Categories
Poetry

The Woman in the Dabb

By Santosh Bakaya

A house with a protruding balcony or Dabb.
The Woman in the Dabb*

Rub –a- dub- a- dub, one woman on the dabb*.1 
Absently, she gives her Pinocchio nose a rub.  
Is she waiting for some mouth-watering grub?
The belligerent woman smug in the snug dabb.  

That woman always strikes a quarrelsome pose.  
A contemplative finger perched on her nose, 
conferring with cacophonously cawing crows 
sitting on the boundary wall in rows and rows.  

Nay, I plead guilty to the crime of mendacity. 
But, no way am I refuting the crows’ garrulity.
Then, there were no walls etched with bellicosity. 
Those times were marked by back-slapping hilarity.   

But, my kid brother was a very mischievous sort, 
raising a hue and cry when in the slips caught. 
This budding cricketeer with everyone fought, 
Saddled with a sharp tongue and a temper hot. 

Not friends with the shrewish woman in the dabb 
who had one eye cocked towards our respected Bub*.2 
Brother’s sixer caught the woman’s nose in the dabb.
Profanities followed from the woman in the snug dabb.

Cursing the ball, the boy and the corollary disgraced, 
she flailed her pheran-clad arms, singing her own praises.
She had a penchant for evocative Kashmiri phrases, 
a rich vocabulary of intriguing phonetic cadences.  

Alas, the ball had created a dent in her Pinocchio nose. 
Kashmiri expletives freely flowed; belligerent her pose.
Now, Naseem, the woman, was ready to come to blows. 
She rolled up her pheran sleeves, bracing to give a dose

Of her tongue to my brother, who had dented her nose. 
In a fiery temper vile, no longer could she lie in repose.
Salman, his buddy, said, “You should try giving her a rose. 
Quipped my brother, “Will she accept it despite a broken nose?”  

Strange but true, after hours two, the team was in her dabb.
Rohit, Sarju, Ashok, Kuku, Salman, Irfan and a doting Bub,   
breaking bread; of cherry chuckles, the dabb was now a hub.
Kandurvaan ki roti*3and kehwa*4 and mouthwatering grub.

Down below, the houseboat-dotted Jhelum happily roared.  
Over bellicosity and grudges, love had once again scored. 
From the pine tree the golden oriole its melody poured.
Grudges and spats had once again been wisely ignored.   

The languorous traffic swirled on the ancient Kani Kadal.* 5
Soon, some little folks and a woman were in a group huddle.
Suddenly a cry of ‘Howzat?’  went up like a lilting song. 
The woman smiled, her voice ringing like a dinner gong: 

“Gobra*6, thankfully, you broke my nose, not my heart.” 
Eyes twinkling, she said with a chuckle, a hand on heart. 
Now, my kid brother mends hearts, does not break noses. 
Violence, and heartlessness, this cardiologist heartily opposes.   

With a smile, he often recalls that woman in the dabb.  
He grins as he glimpses her giving her Pinocchio nose a rub.
The woman is now history; for my brother it is a mystery
whether she really carried a torch for our beloved bub.
That affectionate pheran-clad woman in the snug dabb.
 


 *1 Dabb*: A mini balcony with a protruding ledge in old houses in Kashmir. 
*2 Bub:   An affectionate term for an elderly person, [short for Babuji] 
*3 Kandurvaan ki roti: Baker’s Bread. 
*4 Kehwa: Milk less tea garnished with cardamom, crushed almonds, and cinnamon powder [[saffron optional]        
*5 Kani Kadal: The name of a bridge in Srinagar, Kashmir 
*6 Gobra:  A Kashmiri term of endearment for a child.

Dr.

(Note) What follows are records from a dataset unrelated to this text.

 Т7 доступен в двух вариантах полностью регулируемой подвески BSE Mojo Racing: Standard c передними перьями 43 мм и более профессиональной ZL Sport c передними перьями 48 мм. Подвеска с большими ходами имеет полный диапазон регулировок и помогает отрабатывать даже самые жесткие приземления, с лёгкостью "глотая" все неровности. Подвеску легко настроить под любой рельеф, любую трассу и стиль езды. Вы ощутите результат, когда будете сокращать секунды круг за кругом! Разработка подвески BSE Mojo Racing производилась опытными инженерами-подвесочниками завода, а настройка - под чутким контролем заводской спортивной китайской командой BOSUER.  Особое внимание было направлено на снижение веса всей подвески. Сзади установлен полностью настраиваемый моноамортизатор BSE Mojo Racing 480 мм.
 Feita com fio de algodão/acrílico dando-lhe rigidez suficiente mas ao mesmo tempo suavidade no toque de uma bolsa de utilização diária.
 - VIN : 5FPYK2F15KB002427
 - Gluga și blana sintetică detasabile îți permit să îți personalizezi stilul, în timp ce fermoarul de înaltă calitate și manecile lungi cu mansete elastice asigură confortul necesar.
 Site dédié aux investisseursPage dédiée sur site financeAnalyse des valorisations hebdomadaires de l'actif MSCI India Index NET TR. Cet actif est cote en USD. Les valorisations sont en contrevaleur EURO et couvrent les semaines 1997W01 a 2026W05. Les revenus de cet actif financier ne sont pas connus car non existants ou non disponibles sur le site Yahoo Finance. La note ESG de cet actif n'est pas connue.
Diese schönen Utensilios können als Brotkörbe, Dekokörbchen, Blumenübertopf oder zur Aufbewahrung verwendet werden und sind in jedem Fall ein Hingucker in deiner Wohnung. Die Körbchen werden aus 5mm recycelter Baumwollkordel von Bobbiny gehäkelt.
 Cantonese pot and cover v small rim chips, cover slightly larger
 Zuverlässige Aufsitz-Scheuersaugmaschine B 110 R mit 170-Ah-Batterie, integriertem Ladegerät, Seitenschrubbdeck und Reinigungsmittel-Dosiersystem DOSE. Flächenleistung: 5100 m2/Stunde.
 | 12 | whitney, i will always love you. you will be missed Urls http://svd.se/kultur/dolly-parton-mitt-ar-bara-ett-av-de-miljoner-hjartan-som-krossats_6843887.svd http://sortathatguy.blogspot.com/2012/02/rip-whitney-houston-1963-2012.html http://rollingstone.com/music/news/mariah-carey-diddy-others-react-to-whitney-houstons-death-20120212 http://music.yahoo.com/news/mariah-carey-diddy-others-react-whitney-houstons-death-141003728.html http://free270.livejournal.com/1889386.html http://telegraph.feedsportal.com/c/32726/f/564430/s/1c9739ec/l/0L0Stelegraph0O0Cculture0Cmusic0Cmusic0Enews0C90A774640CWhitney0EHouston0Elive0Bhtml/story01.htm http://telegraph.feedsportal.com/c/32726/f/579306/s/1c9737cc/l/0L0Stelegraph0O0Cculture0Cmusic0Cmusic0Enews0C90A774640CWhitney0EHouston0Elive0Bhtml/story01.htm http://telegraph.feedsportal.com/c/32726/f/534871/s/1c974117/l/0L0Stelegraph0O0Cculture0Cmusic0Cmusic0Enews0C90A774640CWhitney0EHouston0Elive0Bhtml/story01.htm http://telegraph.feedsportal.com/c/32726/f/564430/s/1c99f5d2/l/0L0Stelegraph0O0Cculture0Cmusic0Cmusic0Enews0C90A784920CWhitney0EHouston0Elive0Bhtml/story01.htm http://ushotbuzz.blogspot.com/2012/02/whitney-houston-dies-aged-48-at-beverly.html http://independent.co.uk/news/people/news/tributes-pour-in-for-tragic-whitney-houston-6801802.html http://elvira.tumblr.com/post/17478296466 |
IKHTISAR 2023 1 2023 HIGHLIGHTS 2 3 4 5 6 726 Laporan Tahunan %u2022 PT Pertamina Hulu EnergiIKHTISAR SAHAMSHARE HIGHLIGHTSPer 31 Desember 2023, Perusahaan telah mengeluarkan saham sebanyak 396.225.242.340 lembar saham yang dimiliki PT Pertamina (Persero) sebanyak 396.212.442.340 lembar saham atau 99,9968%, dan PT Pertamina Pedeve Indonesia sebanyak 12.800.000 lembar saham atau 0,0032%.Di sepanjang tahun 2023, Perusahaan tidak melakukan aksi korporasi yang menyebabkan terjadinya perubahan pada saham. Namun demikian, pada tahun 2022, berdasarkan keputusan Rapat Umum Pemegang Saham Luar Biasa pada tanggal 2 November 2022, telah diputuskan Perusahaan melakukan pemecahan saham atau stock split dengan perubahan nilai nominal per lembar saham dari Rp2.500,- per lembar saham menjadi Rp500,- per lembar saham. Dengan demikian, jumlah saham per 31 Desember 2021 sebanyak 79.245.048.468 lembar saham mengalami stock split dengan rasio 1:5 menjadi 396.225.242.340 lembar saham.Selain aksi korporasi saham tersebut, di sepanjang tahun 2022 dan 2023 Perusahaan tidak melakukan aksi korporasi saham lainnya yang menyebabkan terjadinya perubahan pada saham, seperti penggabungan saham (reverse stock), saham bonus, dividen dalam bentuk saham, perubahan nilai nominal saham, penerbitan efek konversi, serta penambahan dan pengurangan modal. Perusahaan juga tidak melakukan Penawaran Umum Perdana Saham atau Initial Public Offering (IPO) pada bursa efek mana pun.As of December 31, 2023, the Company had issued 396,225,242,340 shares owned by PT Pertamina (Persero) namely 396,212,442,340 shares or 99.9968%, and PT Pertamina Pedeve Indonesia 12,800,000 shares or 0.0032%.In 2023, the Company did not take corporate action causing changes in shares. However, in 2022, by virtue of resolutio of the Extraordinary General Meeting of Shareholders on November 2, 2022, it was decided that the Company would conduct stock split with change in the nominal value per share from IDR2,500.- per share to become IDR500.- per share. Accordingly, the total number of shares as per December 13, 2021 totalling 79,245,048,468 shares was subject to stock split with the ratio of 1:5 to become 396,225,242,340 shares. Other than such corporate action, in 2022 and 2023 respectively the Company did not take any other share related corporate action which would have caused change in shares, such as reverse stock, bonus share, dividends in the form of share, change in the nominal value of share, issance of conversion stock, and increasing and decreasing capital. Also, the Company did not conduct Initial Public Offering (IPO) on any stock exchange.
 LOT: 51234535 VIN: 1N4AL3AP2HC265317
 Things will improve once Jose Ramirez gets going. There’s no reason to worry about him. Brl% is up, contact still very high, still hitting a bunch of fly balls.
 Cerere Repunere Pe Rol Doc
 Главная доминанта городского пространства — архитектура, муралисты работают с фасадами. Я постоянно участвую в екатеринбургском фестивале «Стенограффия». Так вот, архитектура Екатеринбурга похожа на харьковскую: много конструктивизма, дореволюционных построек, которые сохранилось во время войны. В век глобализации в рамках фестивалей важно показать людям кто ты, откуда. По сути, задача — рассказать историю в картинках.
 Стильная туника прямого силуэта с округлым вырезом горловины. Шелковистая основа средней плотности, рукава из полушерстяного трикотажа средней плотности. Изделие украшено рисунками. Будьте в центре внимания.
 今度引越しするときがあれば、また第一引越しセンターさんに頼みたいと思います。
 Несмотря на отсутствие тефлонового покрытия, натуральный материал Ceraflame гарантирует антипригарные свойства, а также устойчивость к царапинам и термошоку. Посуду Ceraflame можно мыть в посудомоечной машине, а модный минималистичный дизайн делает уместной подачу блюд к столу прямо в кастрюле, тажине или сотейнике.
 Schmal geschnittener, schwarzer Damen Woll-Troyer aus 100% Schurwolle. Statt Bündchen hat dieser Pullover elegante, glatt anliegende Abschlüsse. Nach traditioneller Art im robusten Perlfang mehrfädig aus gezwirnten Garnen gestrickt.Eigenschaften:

Santosh Bakaya is an academician, poet, essayist, novelist, biographer. She has more than ten books to her credit , her latest books are a biography of Martin Luther King Jr. (Only in Darkness can you see the Stars) and Songs of Belligerence (poetry). She runs a very popular column Morning meanderings in Learning And Creativity.com.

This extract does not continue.